Dr. Kreimer is co-principal investigator of the Costa Rica HPV Vaccine Trial long-term follow-up study (CVT LTFU), a study that started as a randomized controlled trial of the bivalent HPV vaccine, in collaboration with Agencia Costarricense de Investigaciones Biomédicas (ACIB), and transitioned to an epidemiologic cohort study for the long-term follow-up phase. Using data from this study, Dr. Kreimer and colleagues were the first to demonstrate that that vaccine efficacy against incident persistent HPV 16/18 infection was comparably high among women who received three, two, or even a single dose of vaccine four years after HPV vaccination. They recently updated their findings and showed that a single dose continues to provide robust protection up to seven years after HPV vaccination. Her team has also documented that the bivalent vaccine strongly protects against HPV infections at essentially all non-cervical anatomic sites where HPV causes cancer in a woman (i.e., the anus, vulva, and oral region), and that the level of protection was comparably high to that observed at the cervix among the same women. The CVT LTFU field effort recently completed; women were followed for a median of 11 years following the initial vaccination. While our data on single-dose protection of the bivalent HPV are compelling, their post-hoc nature make the data inadequate to justify a formal change in current multi-dose HPV vaccine recommendations. A new trial was needed to rigorously evaluate the effectiveness and potential public health impact of a single-dose strategy.

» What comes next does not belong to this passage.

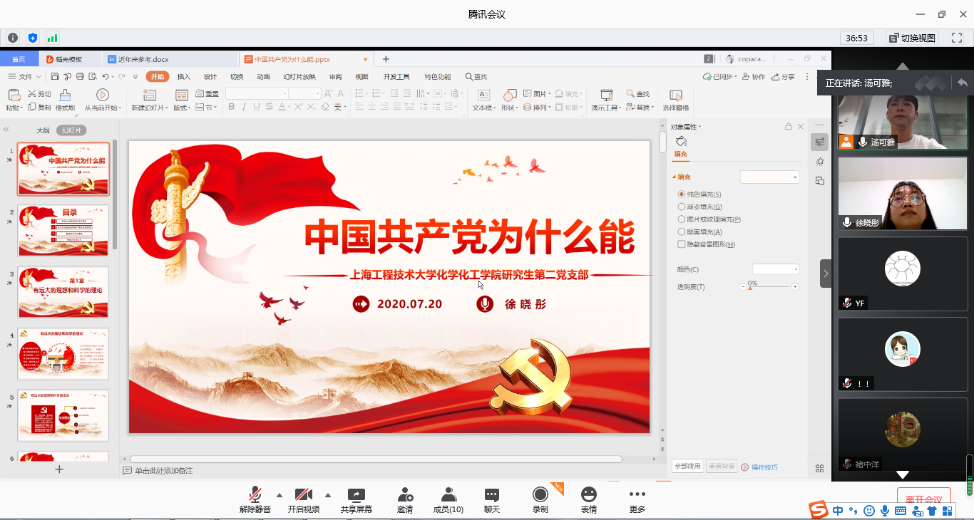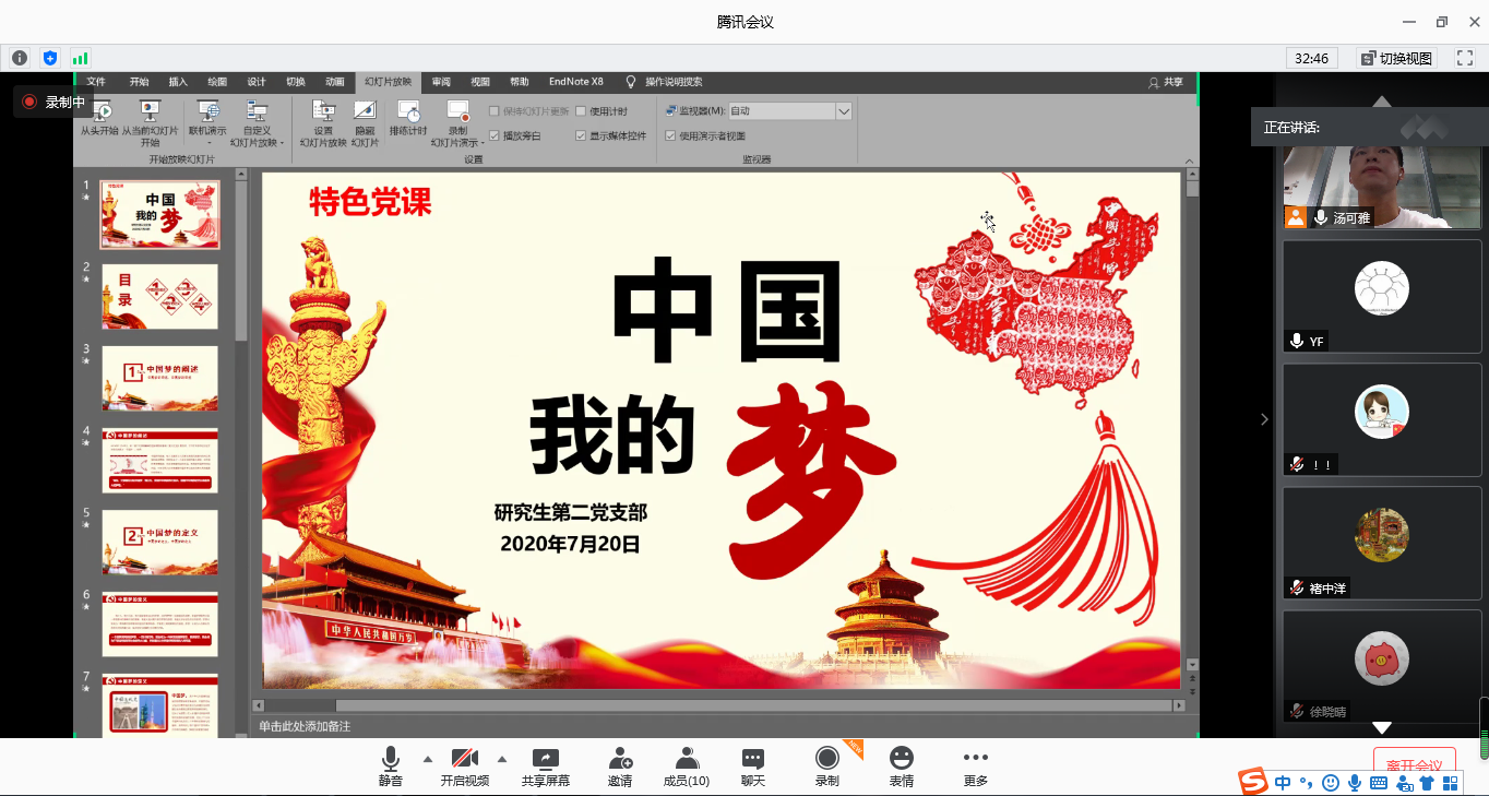 为深入贯彻落实“四史”学习教育,7月20日下午,44118太阳成城集团研究生第二党支部在腾讯会议平台召开了“四史”学习专题党课,支部全体党员参加学习。
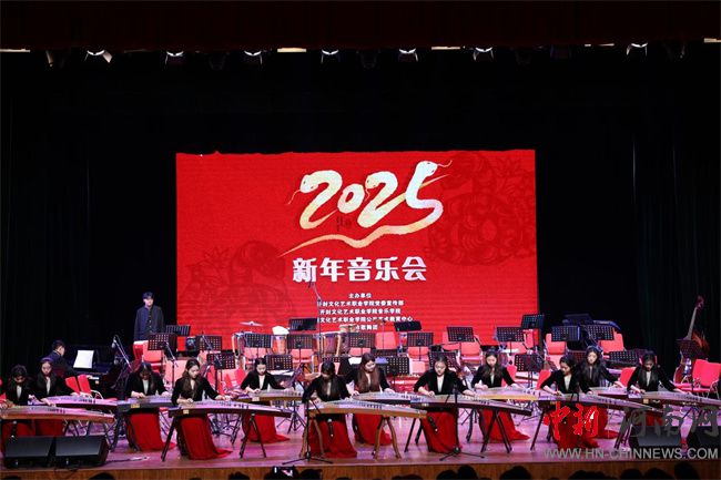 音樂(lè)會(huì)以民樂(lè)為主,共演繹了12首不同風(fēng)格的曲目,這些曲目中,既有經(jīng)典的傳統(tǒng)曲目,又有現(xiàn)代的創(chuàng)新之作。每一段旋律都承載著豐富的文化內(nèi)涵和情感表達(dá),彰顯了民族音樂(lè)的獨(dú)特魅力,體現(xiàn)了民族精神和文化自信!侗本┫灿崱贰都t色娘子軍組曲》以管弦樂(lè)宏大的氣勢(shì)和豐富的音樂(lè)表現(xiàn)力,展現(xiàn)出特定時(shí)代的風(fēng)貌;歌曲《青玉案》憑借獨(dú)特的韻味和優(yōu)美的旋律,為觀眾帶來(lái)別樣的聽(tīng)覺(jué)享受;合奏《我的祖國(guó)》帶領(lǐng)人們領(lǐng)略祖國(guó)壯麗山河;笛子獨(dú)奏《牧民新歌》用靈動(dòng)的音符描繪出草原的遼闊與牧民的生活場(chǎng)景;京劇江姐選段《春蠶》讓傳統(tǒng)戲曲的魅力得以展現(xiàn);二胡協(xié)奏曲《風(fēng)波亭》則將民族樂(lè)器獨(dú)特的魅力發(fā)揮得淋漓盡致;合奏電視劇《大宅門》主題曲 —— 蘆溝曉月,具有獨(dú)特韻味;獨(dú)唱《沁園春·雪》以大氣磅礴的風(fēng)格展現(xiàn)出偉人的豪邁情懷!蹲鎳(guó)紅花遍地開(kāi)》更是以歡快的節(jié)奏讓現(xiàn)場(chǎng)觀眾掌聲不斷。其中,開(kāi)封文化藝術(shù)職業(yè)學(xué)院音樂(lè)學(xué)院民族室內(nèi)樂(lè)團(tuán)和古箏樂(lè)團(tuán)帶來(lái)的極具新春氣質(zhì)的《金蛇狂舞》《映山紅主題隨想曲》,迅速將觀眾帶入到歡快熱烈的氣氛中。激昂的鑼鼓、歡快的弦樂(lè)交織在一起,讓觀眾觀賞了音色豐富、音域?qū)拸V、表現(xiàn)力強(qiáng)、具有民族特色樂(lè)器演奏的樂(lè)曲,充分展示了開(kāi)封文化藝術(shù)職業(yè)學(xué)院民族樂(lè)團(tuán)的專業(yè)素養(yǎng)和實(shí)力。

Dr. Kreimer and her NCI team, again in collaboration with ACIB, implemented the ESCUDDO study (Estudio de Comparacion de Una y Dos Dosis de Vacunas Contra el Virus de Papiloma Humano), a large, randomized, controlled, noninferiority efficacy trial designed to formally investigate the protection afforded by a single dose of the bivalent Cervarix® and nonavalent GARDASIL®9 HPV vaccines in Costa Rica. The main goals of the trial are to evaluate whether, in adolescent girls, one dose or two doses of these vaccines confers strong, durable protection against persistent HPV16/18 infections. Virologic endpoints are necessary in the evaluation of a one-dose schedule, as one-dose antibody levels are inferior to those of two doses, and presently, the minimum antibody level required for protection is unknown. Separately for each vaccine, one dose will be tested for noninferiority against the two-dose regimen. Analyses will also be conducted to estimate the vaccine efficacy versus no vaccination using a concurrent population survey of comparable, unvaccinated age-matched females in the same region, who will be tested for HPV DNA and then immediately vaccinated. Immunogenicity induced by these different vaccine dose schedules and vaccine products will be compared. Study results are expected in 2025 and are intended to provide definitive results for recommending bodies, if warranted.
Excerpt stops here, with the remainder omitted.